[Supplied data Boundary: Start]

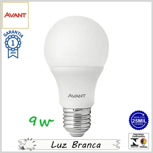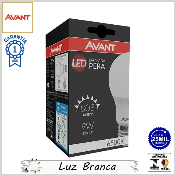 Lâmpada Led E27 BulboA PeraLed 9.0Wx6500K (Luz Branca) - Bivolt (A60) - 803 lumens - Avant
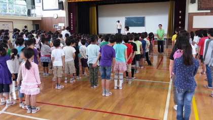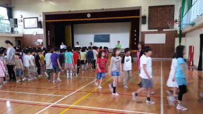 24日(月)朝会は、雨が降っていたので体育館で行いました。校長講話の後、看護当番から今週の目標について話しをして終了。子どもたちの話しの聞き方がとてもよく、落ち着いた雰囲気でスタートです。退場は音楽に合わせて行進です。これもまた、高学年が見本となるようにできているので、低学年もしっかりできています。
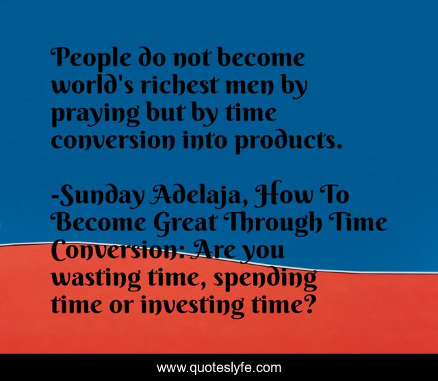 This page presents the quote "People do not become world's richest men by praying but by time conversion into products.". Author of this quote is Sunday Adelaja, How To Become Great Through Time Conversion: Are you wasting time, spending time or investing time?. This quote is about prayers, life, conversion, productivity, wealth, people, greatness, waste, humanity,.
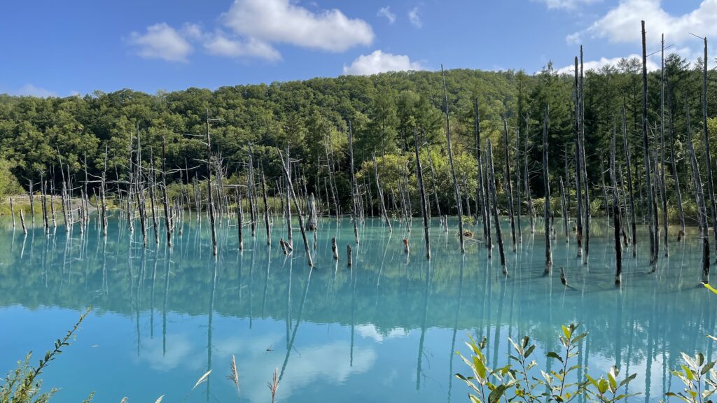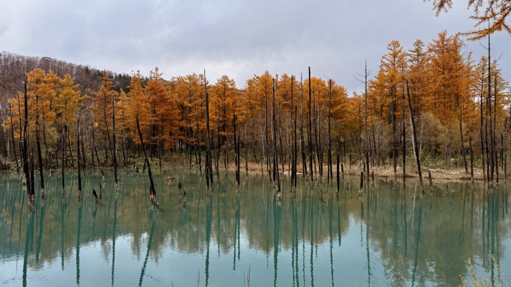 この青い池、本当に青く見えるんです。多少曇りでも青く見えるので心配しないでください。写真でも十分美しいんですが、肉眼で見るとまた彩度が違って見えるので、ぜひ行ってみてくださいね。

[Supplied data Boundary: End]

__Prompt__
To complete the exercise, return the listing above exactly and omit its pictures.

__Exercise output__
 Lâmpada Led E27 BulboA PeraLed 9.0Wx6500K (Luz Branca) - Bivolt (A60) - 803 lumens - Avant
 24日(月)朝会は、雨が降っていたので体育館で行いました。校長講話の後、看護当番から今週の目標について話しをして終了。子どもたちの話しの聞き方がとてもよく、落ち着いた雰囲気でスタートです。退場は音楽に合わせて行進です。これもまた、高学年が見本となるようにできているので、低学年もしっかりできています。
 This page presents the quote "People do not become world's richest men by praying but by time conversion into products.". Author of this quote is Sunday Adelaja, How To Become Great Through Time Conversion: Are you wasting time, spending time or investing time?. This quote is about prayers, life, conversion, productivity, wealth, people, greatness, waste, humanity,.
 この青い池、本当に青く見えるんです。多少曇りでも青く見えるので心配しないでください。写真でも十分美しいんですが、肉眼で見るとまた彩度が違って見えるので、ぜひ行ってみてくださいね。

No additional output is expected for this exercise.